We will connect our biological neocortex to a synthetic neocortex in the cloud. This will be done by using medical nano-robots that go into the brain through the capillaries and provide wireless communication between our neocortical modules and the cloud in the same way that your smartphone today has wireless communication with the cloud. And the same way that your smartphone today amplifies its capabilities by connecting to many computers in the cloud, we will do the same thing with our neocortex.

This is a 2030s and 2040s scenario. Our thinking then will become a hybrid of the biological and nonbiological thinking in the cloud.
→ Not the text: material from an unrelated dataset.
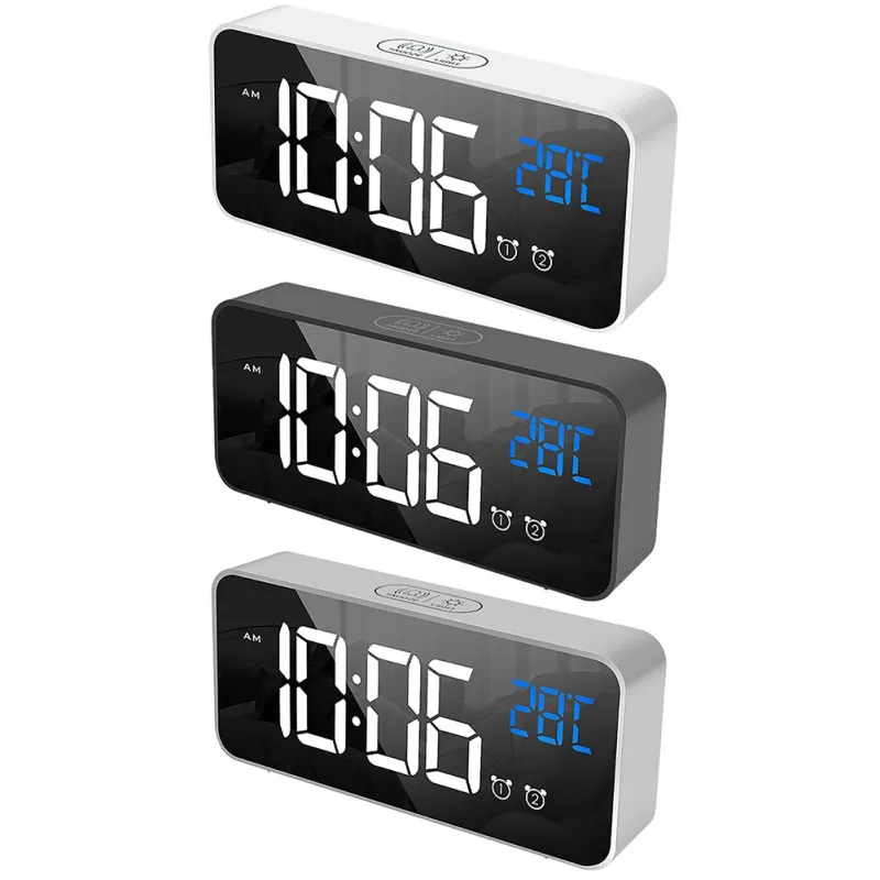 Светодиодный зеркальный будильник часы с зарядкой от USB, часы со звуковой активацией и функцией повтора, прикроватные музыкальные часы, домашние двойные сигналы

As a result, we will become smarter, more musical, funnier, etc. But our thinking will become increasingly nonbiological as we extend further into the cloud and as the cloud becomes more powerful.

[Don’t worry about AI, says Garry Kasparov. Authoritarianism is the greatest threat to our future.]

Digital processes are inherently backed up, and we in turn will be able to back up our “mind file” or at least most of it. Being backed up is not an absolute guarantee of “living forever,” which will be clear to anyone who has ever lost a file, but it does provide another layer of protection. I don’t like to speak about immortality but rather indefinite extensions to the existence of our mind file. The mind file is not just an abstraction—there is literally information in our brains that defines our memories, our skills, and our personality. And it is not backed up today. Its survival is dependent on the survival of one piece of hardware. So being able to back up our mind file or most of it will provide significant added protection.

But it is not an absolute protection. I won’t be able to come to you at some point in the future and say, “I’ve done it, I’ve lived forever,” because it is never forever.